Furthermore, we could contribute to the structural analysis of the membrane-associated guanylate kinase DLG5, which has been associated with IBD like CARD15 [4]. We also predicted the structure of interferon-inducible IFI-200 proteins, which appear to contain two tandem DNA-binding OB folds at their C-termini [5]. This provided the long-sought explanation for their functional roles in transcriptional regulation implicated in inflammation and cancer. Most recently, our structural model of the BTNL2 gene product (Fig. 3), a butyrophilin-like member of the immunoglobulin superfamily, supported experimental investigations on the truncating splice site mutation associated with the multisystemic immune disorder sarcoidosis [6].

Fig 3: 3D structure model of the second IgV domain (top) and the following IgC domain (bottom) of the BTNL2 homodimer anchored in the cell membrane. The locations of the sarcoidosis-associated C-terminal truncation (red box) and several other sequence variants found in BTNL2 are indicated. An adjacent disulfide bond between C287 and C341 is depicted in brown.

An intricate cross-talk between complex signaling pathways that are induced by the recognition of pathogenic molecules is being discovered to mediate innate immunity. Surveillance receptors like NLRs, TLRs, and CLRs (C-type lectin-like receptors) trigger tailored gene expression profiles by the activation of important transcription factors such as NF-#B. Responsive genes range from proinflammatory cytokines and interferons to co-stimulatory molecules, which mount an immune response resulting in the removal and destruction of the invading pathogen.
Therefore, the impairment of essential signaling cascades by mutant proteins can lead to the dysregulation of human immunity, causing acute or chronic diseases of autoimmunity or immunodeficiency. However, the modification of innate immune responses by therapeutic targeting of the molecular processes may provide new opportunities for the clinical treatment of patients.
To support experimental research and planning, we are developing comprehensive online databases and web visualization interfaces on disease-associated proteins, identified sequence variants, and interaction networks. Our system will integrate the large amount of biomedical literature and experimental results with bioinformatics findings. For instance, mutagenesis studies are combined with sequence alignments and structural protein models to provide novel molecular views of protein function.
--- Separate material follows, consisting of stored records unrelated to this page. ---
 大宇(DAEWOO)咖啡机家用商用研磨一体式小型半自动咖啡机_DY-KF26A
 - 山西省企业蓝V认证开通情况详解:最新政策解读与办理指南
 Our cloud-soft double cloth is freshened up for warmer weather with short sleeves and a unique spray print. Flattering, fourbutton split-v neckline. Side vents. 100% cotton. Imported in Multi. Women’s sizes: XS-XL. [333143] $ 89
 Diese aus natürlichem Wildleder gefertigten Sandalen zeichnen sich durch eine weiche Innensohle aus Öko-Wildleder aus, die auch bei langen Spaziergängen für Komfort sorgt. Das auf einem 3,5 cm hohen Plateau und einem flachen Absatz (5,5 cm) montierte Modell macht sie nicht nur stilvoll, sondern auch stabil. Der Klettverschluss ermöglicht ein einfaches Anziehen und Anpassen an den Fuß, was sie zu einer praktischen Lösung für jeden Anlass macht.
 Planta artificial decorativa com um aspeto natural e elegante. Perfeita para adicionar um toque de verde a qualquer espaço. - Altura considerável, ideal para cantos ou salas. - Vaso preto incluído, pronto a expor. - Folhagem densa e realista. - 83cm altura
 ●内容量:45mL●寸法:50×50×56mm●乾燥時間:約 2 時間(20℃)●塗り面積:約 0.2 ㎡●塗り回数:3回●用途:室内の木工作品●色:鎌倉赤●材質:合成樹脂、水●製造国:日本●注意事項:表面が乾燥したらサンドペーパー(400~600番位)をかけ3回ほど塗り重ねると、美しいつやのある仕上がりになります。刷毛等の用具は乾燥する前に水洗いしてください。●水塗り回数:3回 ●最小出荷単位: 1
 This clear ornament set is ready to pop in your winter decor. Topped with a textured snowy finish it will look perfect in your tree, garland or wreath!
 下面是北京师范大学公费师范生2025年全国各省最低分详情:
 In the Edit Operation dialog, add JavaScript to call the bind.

Eventually, heterogeneous data such as gene expression profiles [7] and protein interaction networks need to be combined into time-dependent cellular models of disease mechanisms.

Lit.: 1. Albrecht M, Lengauer T, Schreiber S. Disease-associated variants in PYPAF1 and NOD2 result in similar alterations of conserved sequence. Bioinformatics 2003;19(17):2171-5. 2. Schreiber S, Rosenstiel P, Albrecht M, et al. Genetics of Crohn disease, an archetypal inflammatory barrier disease. Nat Rev Genet 2005;6(5):376-88. 3. Albrecht M, Domingues FS, Schreiber S, Lengauer T. Structural localization of disease-associated sequence variations in the NACHT and LRR domains of PYPAF1 and NOD2. FEBS Lett 2003;554(3):520-8. 4. Stoll M, Corneliussen B, Costello CM, et al. Genetic variation in DLG5 is associated with inflammatory bowel disease. Nat Genet 2004;36(5):476-80. 5. Albrecht M, Choubey D, Lengauer T. The HIN domain of IFI-200 proteins consists of two OB folds. Biochem Biophys Res Commun 2005;327(3):679-87. 6. Valentonyte R, Hampe J, Huse K, et al. Sarcoidosis is associated with a truncating splice site mutation in BTNL2. Nat Genet 2005;37(4):357-64. 7. Costello CM, Mah N, Hasler R, et al. Dissection of the Inflammatory Bowel Disease Transcriptome Using Genome-Wide cDNA Microarrays. PLoS Med 2005;2(8):e199.1-17.